What needs to be done: Only one stretch of the listing below is wanted. Give it again exactly, from the line with "Показники якості ситцю" through the line with "சென்னை மற்றும் புறநகர்".

Data section:
···

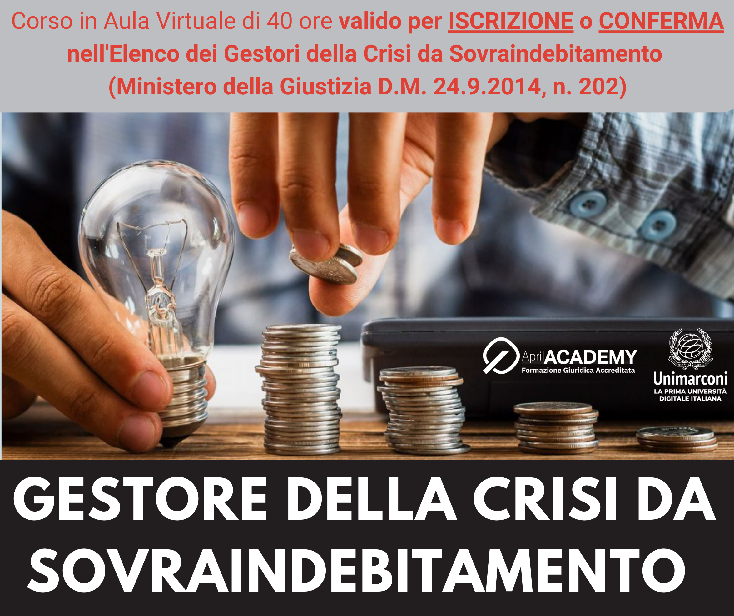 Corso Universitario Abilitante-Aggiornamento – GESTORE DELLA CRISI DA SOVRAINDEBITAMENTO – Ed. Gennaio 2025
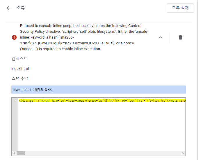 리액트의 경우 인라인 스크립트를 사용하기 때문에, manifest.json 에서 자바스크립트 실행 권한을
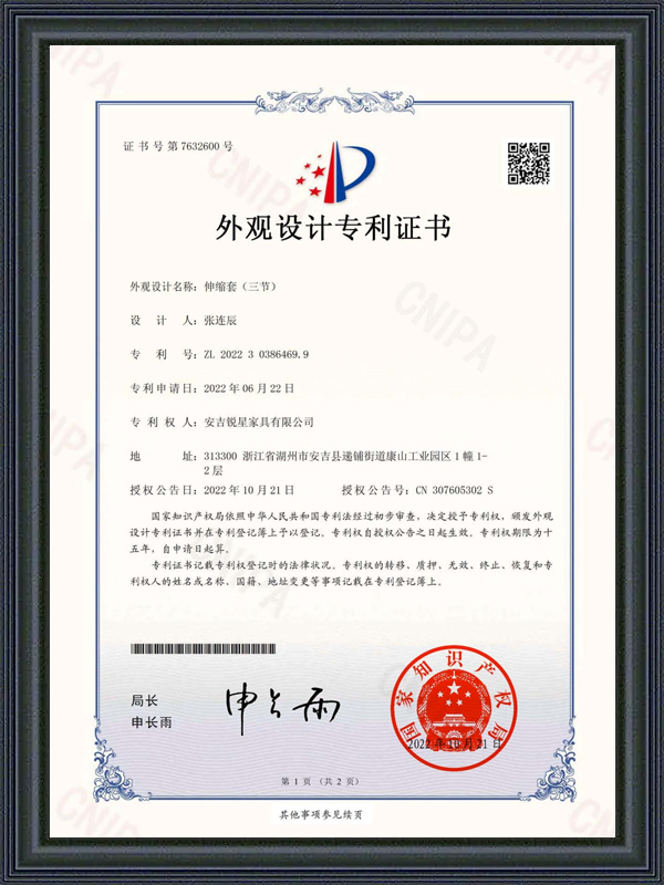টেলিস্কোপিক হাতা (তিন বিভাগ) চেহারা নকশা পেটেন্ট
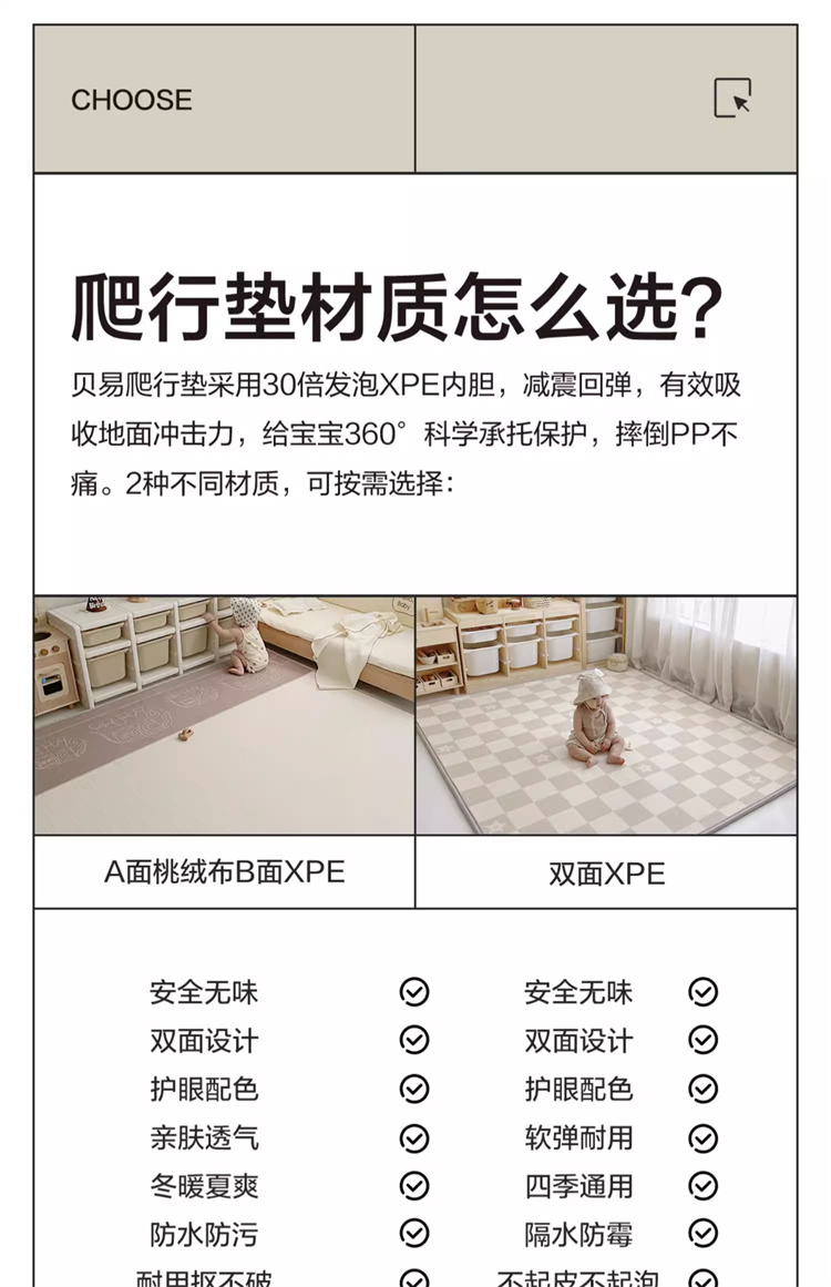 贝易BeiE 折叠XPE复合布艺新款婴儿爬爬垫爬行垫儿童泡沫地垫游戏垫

···

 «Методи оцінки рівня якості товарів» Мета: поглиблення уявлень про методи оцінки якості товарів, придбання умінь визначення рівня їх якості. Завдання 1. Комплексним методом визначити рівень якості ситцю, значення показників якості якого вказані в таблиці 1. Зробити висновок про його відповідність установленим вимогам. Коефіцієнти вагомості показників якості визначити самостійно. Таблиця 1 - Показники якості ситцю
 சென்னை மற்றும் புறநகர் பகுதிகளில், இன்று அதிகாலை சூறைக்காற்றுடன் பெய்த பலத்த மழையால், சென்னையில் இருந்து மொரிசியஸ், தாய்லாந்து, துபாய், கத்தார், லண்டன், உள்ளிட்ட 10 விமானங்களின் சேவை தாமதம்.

···

Expected output:
 «Методи оцінки рівня якості товарів» Мета: поглиблення уявлень про методи оцінки якості товарів, придбання умінь визначення рівня їх якості. Завдання 1. Комплексним методом визначити рівень якості ситцю, значення показників якості якого вказані в таблиці 1. Зробити висновок про його відповідність установленим вимогам. Коефіцієнти вагомості показників якості визначити самостійно. Таблиця 1 - Показники якості ситцю
 சென்னை மற்றும் புறநகர் பகுதிகளில், இன்று அதிகாலை சூறைக்காற்றுடன் பெய்த பலத்த மழையால், சென்னையில் இருந்து மொரிசியஸ், தாய்லாந்து, துபாய், கத்தார், லண்டன், உள்ளிட்ட 10 விமானங்களின் சேவை தாமதம்.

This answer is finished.